WHAT YOU SHOULD DO: Going line by line through the records below, write out everything starting with the line containing "This treat jar" and going on through the line containing "landsliðsþjálfarinn á fundinum.", exactly and inclusively. Pictures do not go in.

DATA SHOWN:
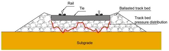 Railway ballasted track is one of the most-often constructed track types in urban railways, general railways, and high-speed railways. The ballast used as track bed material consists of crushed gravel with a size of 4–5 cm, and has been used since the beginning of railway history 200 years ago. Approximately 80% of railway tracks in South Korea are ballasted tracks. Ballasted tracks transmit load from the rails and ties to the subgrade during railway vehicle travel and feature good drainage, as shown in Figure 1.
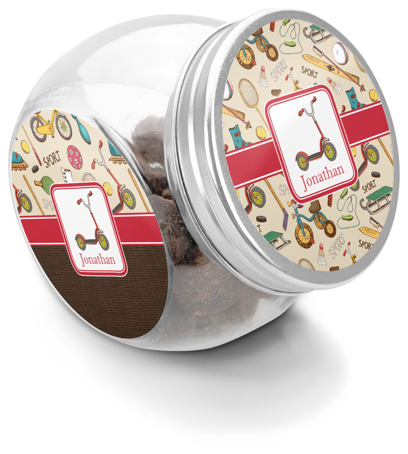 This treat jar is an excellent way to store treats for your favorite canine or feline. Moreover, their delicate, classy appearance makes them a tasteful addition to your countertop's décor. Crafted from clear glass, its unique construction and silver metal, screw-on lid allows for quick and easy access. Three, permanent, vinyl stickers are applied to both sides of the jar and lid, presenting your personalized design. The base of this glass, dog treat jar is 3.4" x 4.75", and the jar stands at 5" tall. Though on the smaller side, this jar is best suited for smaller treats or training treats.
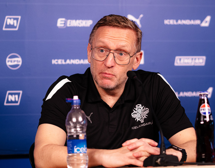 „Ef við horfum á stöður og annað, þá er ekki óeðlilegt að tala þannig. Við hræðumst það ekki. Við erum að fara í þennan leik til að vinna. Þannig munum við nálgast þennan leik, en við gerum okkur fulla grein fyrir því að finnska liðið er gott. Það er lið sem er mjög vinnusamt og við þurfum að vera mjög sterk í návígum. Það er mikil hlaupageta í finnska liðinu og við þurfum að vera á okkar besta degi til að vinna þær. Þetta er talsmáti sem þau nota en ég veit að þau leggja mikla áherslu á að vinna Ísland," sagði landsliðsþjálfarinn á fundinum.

--

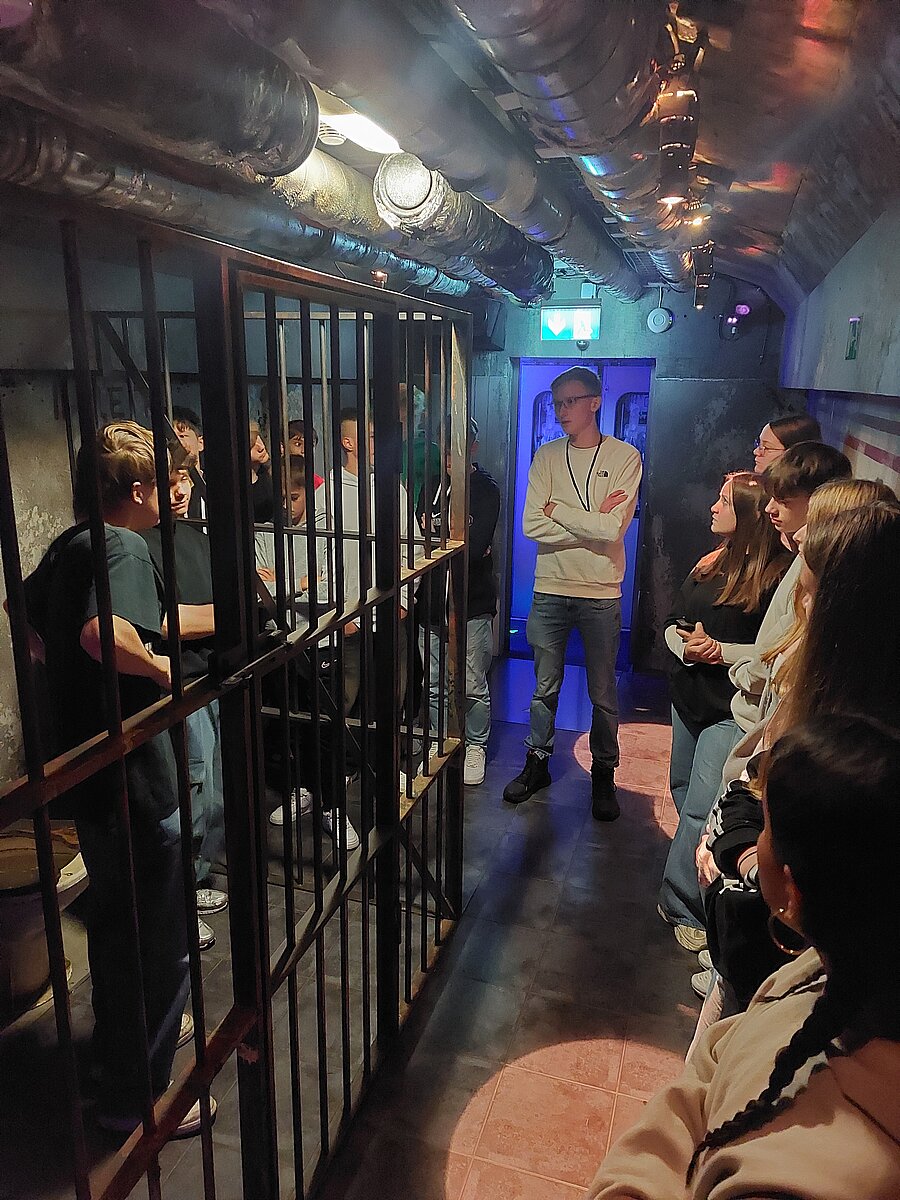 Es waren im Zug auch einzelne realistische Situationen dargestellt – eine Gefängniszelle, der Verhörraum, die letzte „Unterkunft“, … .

ANSWER FOR THE TASK:
 This treat jar is an excellent way to store treats for your favorite canine or feline. Moreover, their delicate, classy appearance makes them a tasteful addition to your countertop's décor. Crafted from clear glass, its unique construction and silver metal, screw-on lid allows for quick and easy access. Three, permanent, vinyl stickers are applied to both sides of the jar and lid, presenting your personalized design. The base of this glass, dog treat jar is 3.4" x 4.75", and the jar stands at 5" tall. Though on the smaller side, this jar is best suited for smaller treats or training treats.
 „Ef við horfum á stöður og annað, þá er ekki óeðlilegt að tala þannig. Við hræðumst það ekki. Við erum að fara í þennan leik til að vinna. Þannig munum við nálgast þennan leik, en við gerum okkur fulla grein fyrir því að finnska liðið er gott. Það er lið sem er mjög vinnusamt og við þurfum að vera mjög sterk í návígum. Það er mikil hlaupageta í finnska liðinu og við þurfum að vera á okkar besta degi til að vinna þær. Þetta er talsmáti sem þau nota en ég veit að þau leggja mikla áherslu á að vinna Ísland," sagði landsliðsþjálfarinn á fundinum.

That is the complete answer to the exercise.